Bega Cheese, which is losing about $130 million in revenue from the end of its deal supplying own brand cheese to Coles, has its eye on higher margin products than just supplying supermarkets.
The loss of Coles will see Bega Cheese redirect milk supply from the high volume, low return business to other more value added dairy products and markets including the rapidly growing infant formula.
Blackmores, with Tatura, a subsidiary of Bega Cheese, last month launched its infant formula into an eager market driven by strong demand in China for clean and safe products.
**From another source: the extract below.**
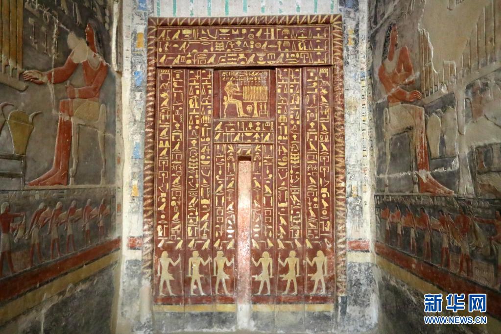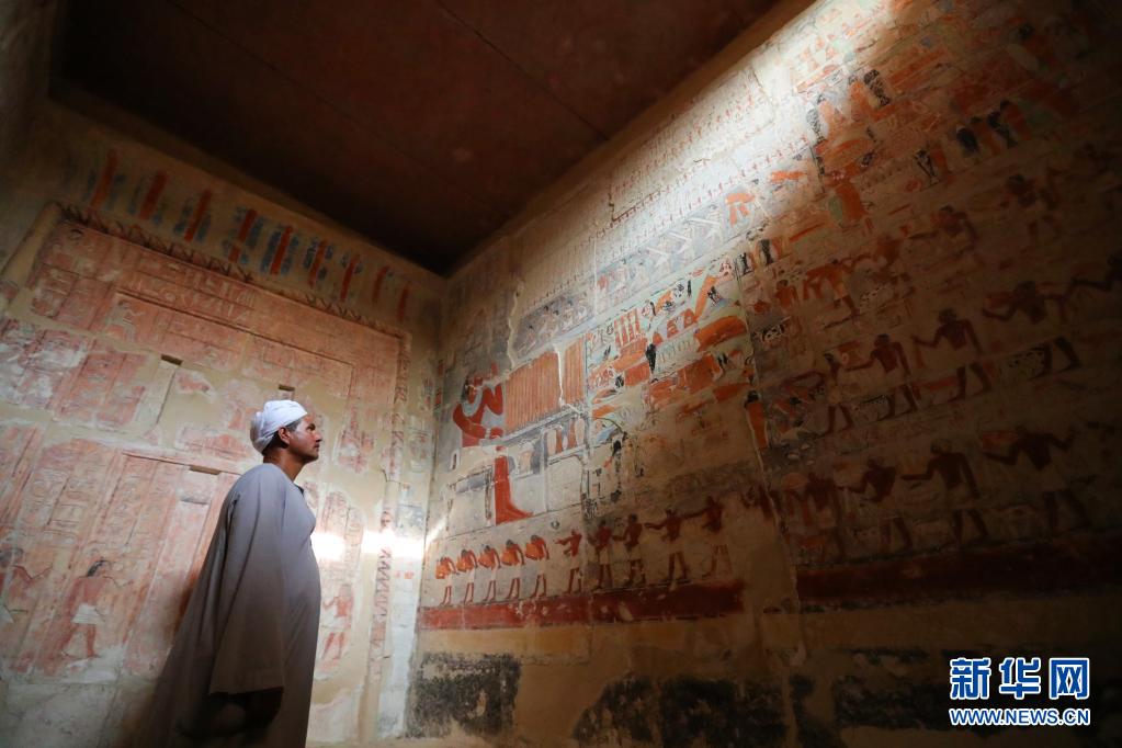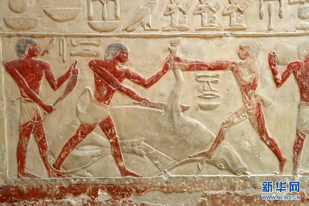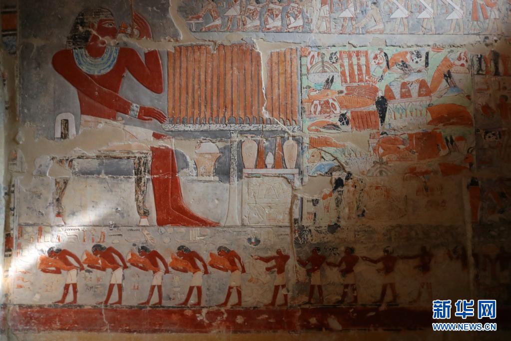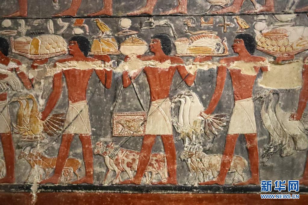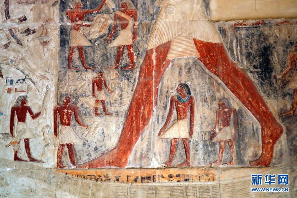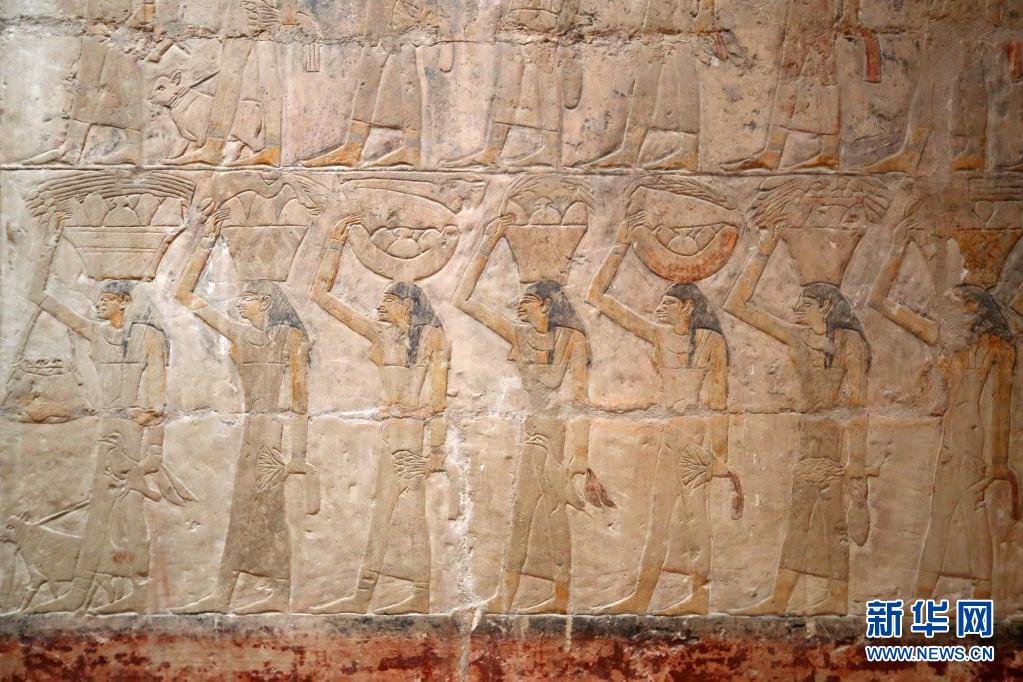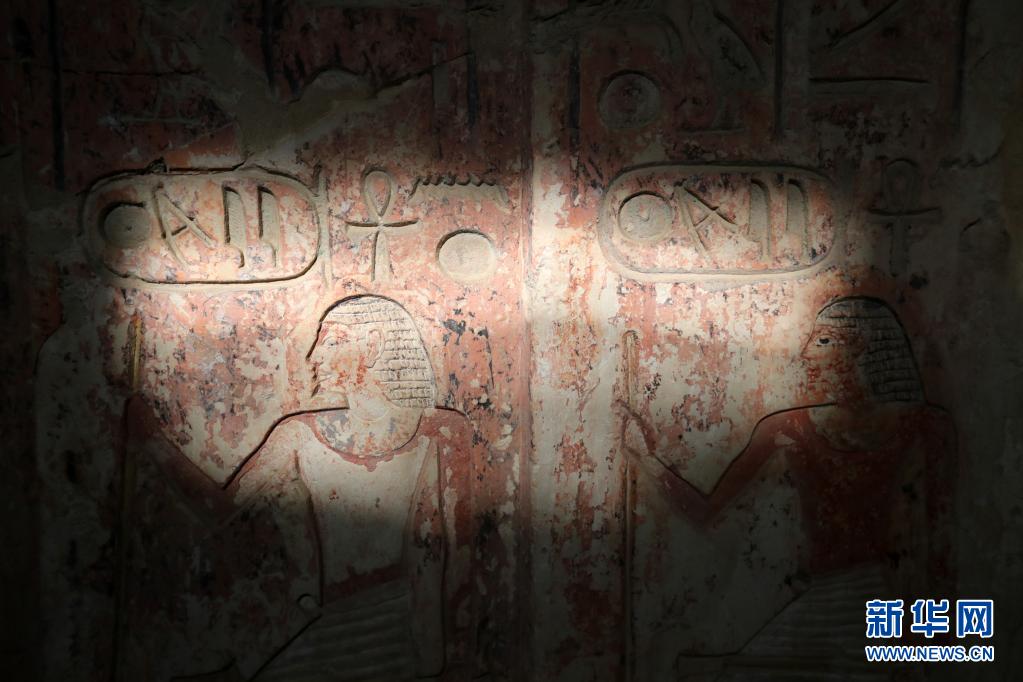 这是8月3日在埃及首都开罗以南的塞加拉地区一个官员墓内拍摄的彩绘浮雕壁画。
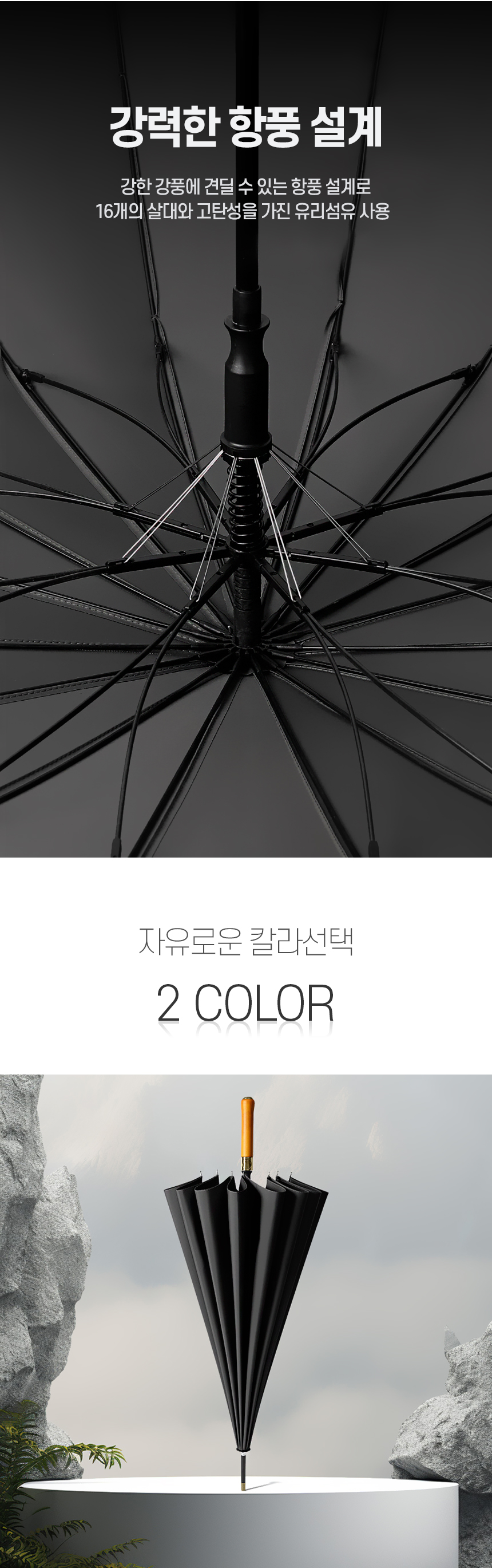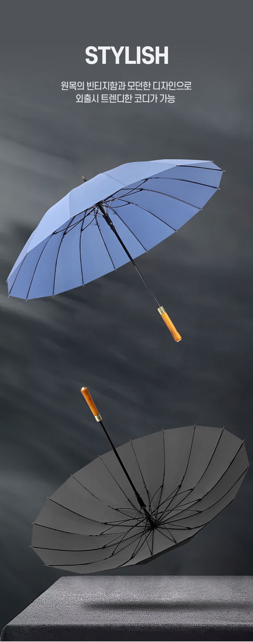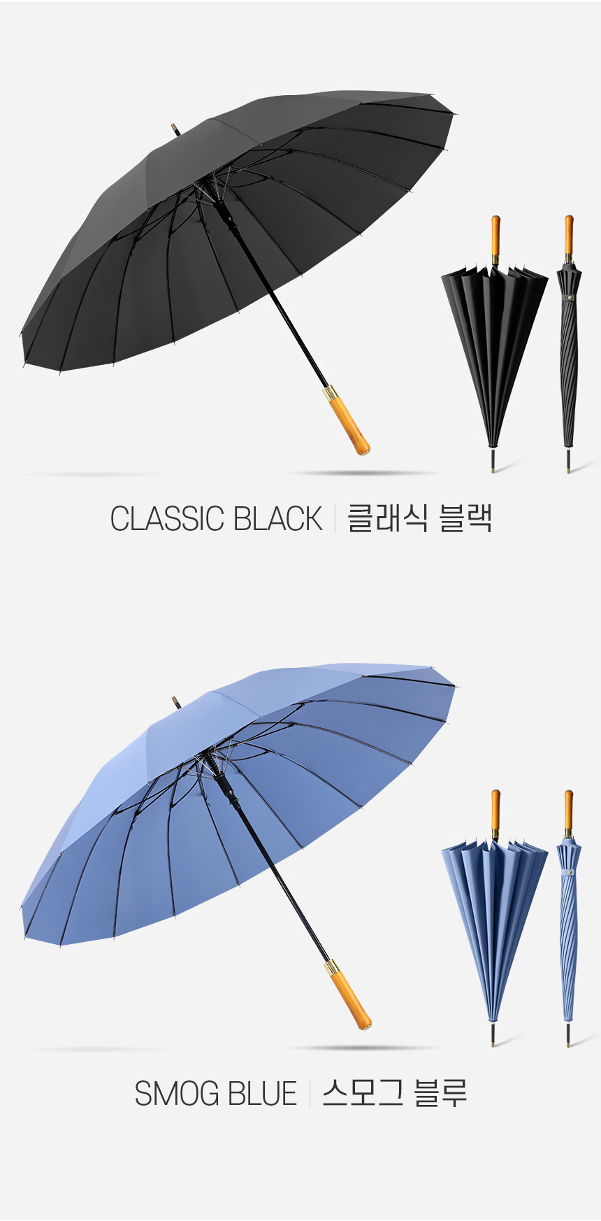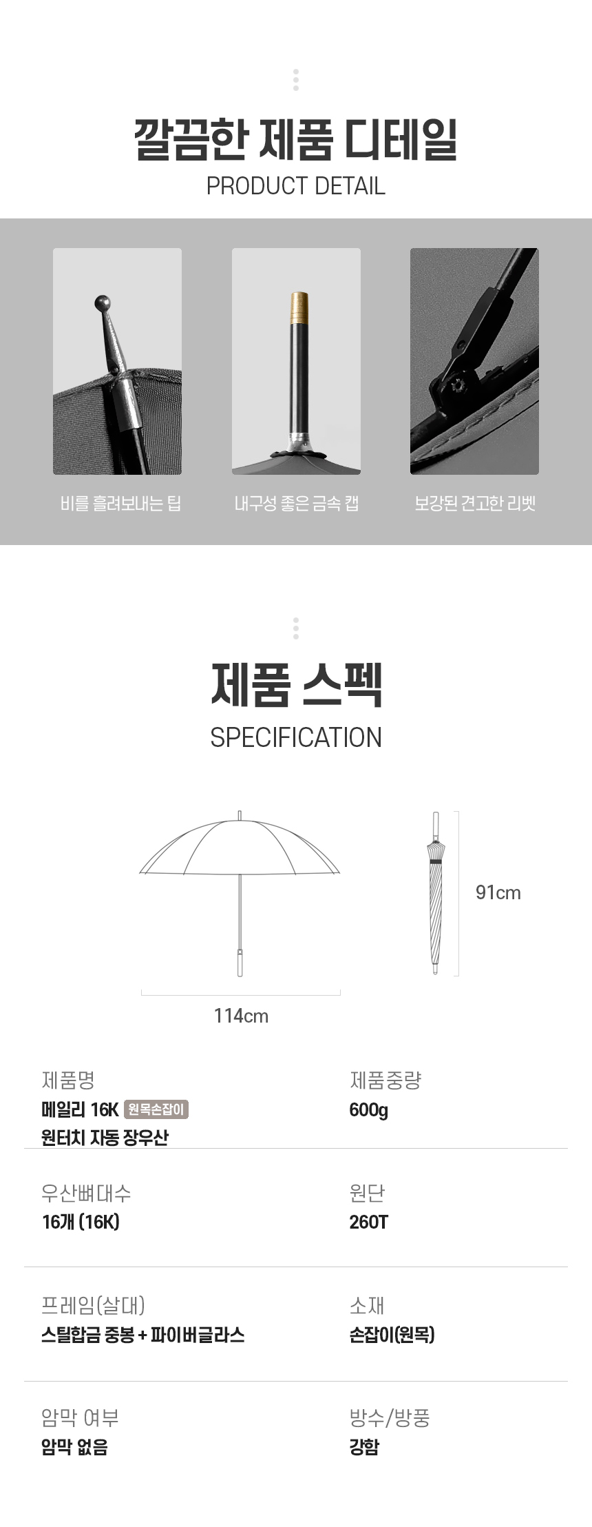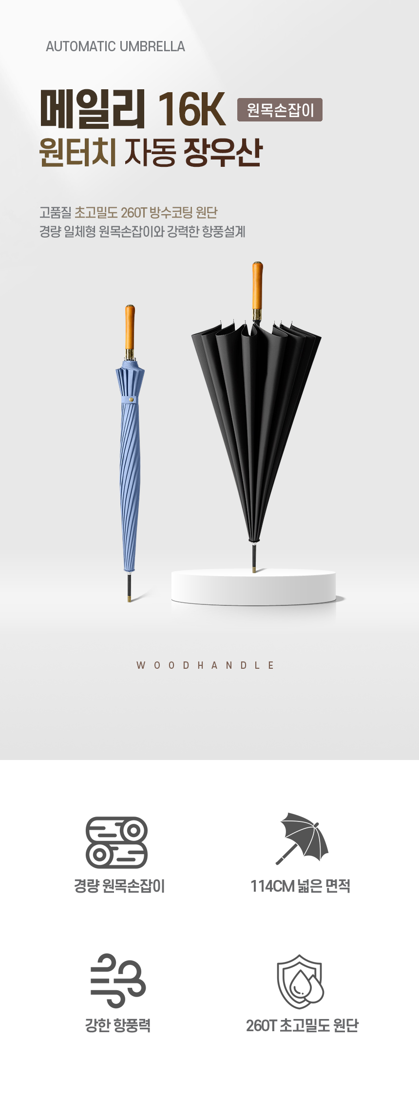 • 메일리 16K 원터치 자동 장우산 (원목손잡이/고밀도원단) (+0원)

Today, Bega shares clawed back some the 10% in value lost yesterday when the Coles loss was announced. A short time ago, the shares were up more than 3% to $6.51.
“We have been very encouraged and very pleased with the level of uptake … in fact we even had to reprogram parts of our production at Tatura to cope with the increase in demand,” Bega CEO Aidan Coleman told the Australian Financial review.
This week Coles told Bega Cheese it wasn’t renewing the five year contract when it comes due in January next year.
“We unquestionably drive our business towards higher value-added products,” said Coleman.
Bega says the focus on higher value product mix and markets is consistent with the strategy of the business.
“Those nutritional products, by nature with the technology behind them, generate substantially higher margins and value-add, so we can see those compensating for other things we might lose in the meantime,” Coleman told Fairfax Media.